Inside MySpace: The StoryBy David F. Carr | Posted 2007-01-16 Email Print
Booming traffic demands put a constant stress on the social network's computing infrastructure. Here's how it copes.title=Unexpected Errors}
If it were not for this series of upgrades and changes to systems architecture, the MySpace Web site wouldn't function at all. But what about the times when it still hiccups? What's behind those "Unexpected Error" screens that are the source of so many user complaints?
One problem is that MySpace is pushing Microsoft's Web technologies into territory that only Microsoft itself has begun to explore, Benedetto says. As of November, MySpace was exceeding the number of simultaneous connections supported by SQL Server, causing the software to crash. The specific circumstances that trigger one of these crashes occur only about once every three days, but it's still frequent enough to be annoying, according to Benedetto. And anytime a database craps out, that's bad news if the data for the page you're trying to view is stored there. "Anytime that happens, and uncached data is unavailable through SQL Server, you'll see one of those unexpected errors," he explains.
Last summer, MySpace's Windows 2003 servers shut down unexpectedly on multiple occasions. The culprit turned out to be a built-in feature of the operating system designed to prevent distributed denial of service attacks—a hacker tactic in which a Web site is subjected to so many connection requests from so many client computers that it crashes. MySpace is subject to those attacks just like many other top Web sites, but it defends against them at the network level rather than relying on this feature of Windows—which in this case was being triggered by hordes of legitimate connections from MySpace users.
"We were scratching our heads for about a month trying to figure out why our Windows 2003 servers kept shutting themselves off," Benedetto says. Finally, with help from Microsoft, his team figured out how to tell the server to "ignore distributed denial of service; this is friendly fire."
And then there was that Sunday night last July when a power outage in Los Angeles, where MySpace is headquartered, knocked the entire service offline for about 12 hours. The outage stood out partly because most other large Web sites use geographically distributed data centers to protect themselves against localized service disruptions. In fact, MySpace had two other data centers in operation at the time of this incident, but the Web servers housed there were still dependent on the SAN infrastructure in Los Angeles. Without that, they couldn't serve up anything more than a plea for patience.
According to Benedetto, the main data center was designed to guarantee reliable service through connections to two different power grids, backed up by battery power and a generator with a 30-day supply of fuel. But in this case, both power grids failed, and in the process of switching to backup power, operators blew the main power circuit.
MySpace is now working to replicate the SAN to two other backup sites by mid-2007. That will also help divvy up the Web site's workload, because in the normal course of business, each SAN location will be able to support one-third of the storage needs. But in an emergency, any one of the three sites would be able to sustain the Web site independently, Benedetto says.

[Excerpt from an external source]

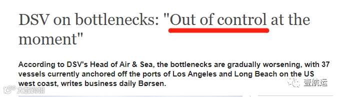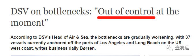 DSV 北美海空业务负责人 Niels Larsen 此前已经就集装箱市场形势向丹麦商业日报 Børsen 坦言:当前市场已经失控!
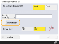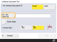 Nu puteţi efectua transmiterea directă dacă setaţi <Arhivare Document TX> la <On>. Această setare comută automat la <Oprit> în următoarele cazuri. Specificaţi din nou destinaţia sau readuceţi setarea la <Pornit> după caz. Când destinaţia de rezervă a fost ştearsă din agendă Când o agendă a fost importată din IU la distanţă Importul/exportul setărilor Când a fost primită o agendă de la software-ul de gestionare a agendei. <Import/Export de la Software Gestionare Agendă> |

While MySpace still battles scalability problems, many users give it enough credit for what it does right that they are willing to forgive the occasional error page.
"As a developer, I hate bugs, so sure it's irritating," says Dan Tanner, a 31-year-old software developer from Round Rock, Texas, who has used MySpace to reconnect with high school and college friends. "The thing is, it provides so much of a benefit to people that the errors and glitches we find are forgivable." If the site is down or malfunctioning one day, he simply comes back the next and picks up where he left off, Tanner says.
That attitude is why most of the user forum responses to Drew's rant were telling him to calm down and that the problem would probably fix itself if he waited a few minutes. Not to be appeased, Drew wrote, "ive already emailed myspace twice, and its BS cause an hour ago it was working, now its not ... its complete BS." To which another user replied, "and it's free."
Benedetto candidly admits that 100% reliability is not necessarily his top priority. "That's one of the benefits of not being a bank, of being a free service," he says.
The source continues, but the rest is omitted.